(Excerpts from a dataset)

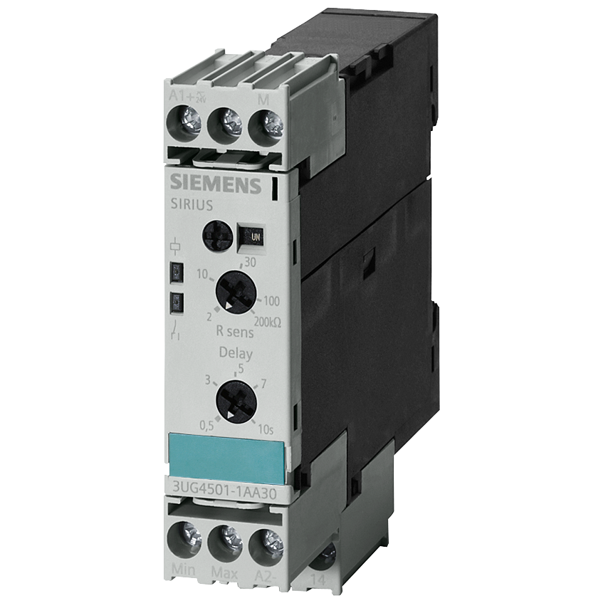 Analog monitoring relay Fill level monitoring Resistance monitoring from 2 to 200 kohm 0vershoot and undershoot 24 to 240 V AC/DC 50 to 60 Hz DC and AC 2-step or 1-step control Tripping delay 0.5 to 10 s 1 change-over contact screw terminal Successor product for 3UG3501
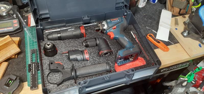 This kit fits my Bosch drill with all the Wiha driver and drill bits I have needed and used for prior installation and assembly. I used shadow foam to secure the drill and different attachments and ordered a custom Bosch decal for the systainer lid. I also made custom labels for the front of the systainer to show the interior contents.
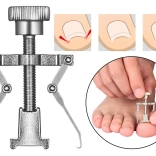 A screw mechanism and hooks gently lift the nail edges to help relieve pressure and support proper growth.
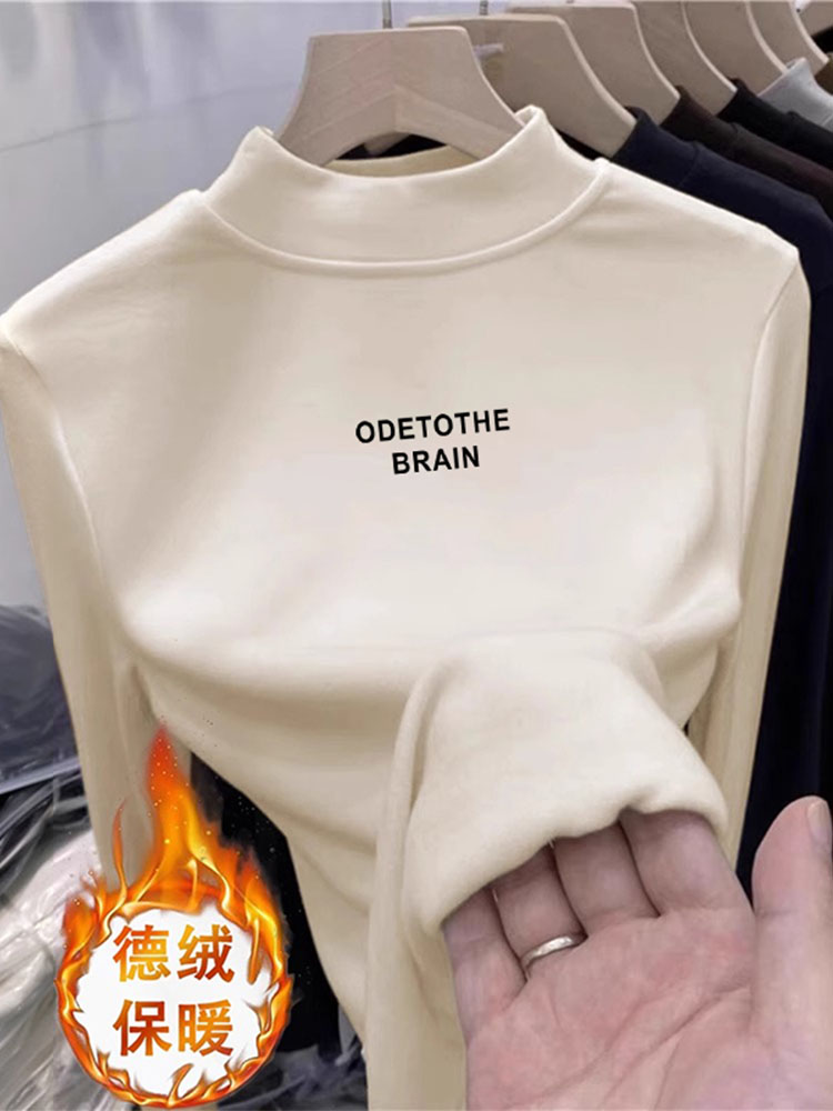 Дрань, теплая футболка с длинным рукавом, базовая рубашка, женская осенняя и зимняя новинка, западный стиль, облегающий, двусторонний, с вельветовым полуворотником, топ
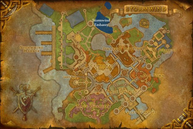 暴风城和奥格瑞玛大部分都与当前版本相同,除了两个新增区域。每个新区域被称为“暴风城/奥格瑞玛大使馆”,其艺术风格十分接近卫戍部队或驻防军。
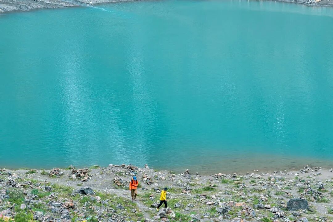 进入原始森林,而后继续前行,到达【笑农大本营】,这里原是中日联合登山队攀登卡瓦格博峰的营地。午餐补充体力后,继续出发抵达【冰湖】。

WORK INSTRUCTIONS
What is needed is a word-for-word restatement of the entries, minus any pictures.

OUTPUT
 Analog monitoring relay Fill level monitoring Resistance monitoring from 2 to 200 kohm 0vershoot and undershoot 24 to 240 V AC/DC 50 to 60 Hz DC and AC 2-step or 1-step control Tripping delay 0.5 to 10 s 1 change-over contact screw terminal Successor product for 3UG3501
 This kit fits my Bosch drill with all the Wiha driver and drill bits I have needed and used for prior installation and assembly. I used shadow foam to secure the drill and different attachments and ordered a custom Bosch decal for the systainer lid. I also made custom labels for the front of the systainer to show the interior contents.
 A screw mechanism and hooks gently lift the nail edges to help relieve pressure and support proper growth.
 Дрань, теплая футболка с длинным рукавом, базовая рубашка, женская осенняя и зимняя новинка, западный стиль, облегающий, двусторонний, с вельветовым полуворотником, топ
 暴风城和奥格瑞玛大部分都与当前版本相同,除了两个新增区域。每个新区域被称为“暴风城/奥格瑞玛大使馆”,其艺术风格十分接近卫戍部队或驻防军。
 进入原始森林,而后继续前行,到达【笑农大本营】,这里原是中日联合登山队攀登卡瓦格博峰的营地。午餐补充体力后,继续出发抵达【冰湖】。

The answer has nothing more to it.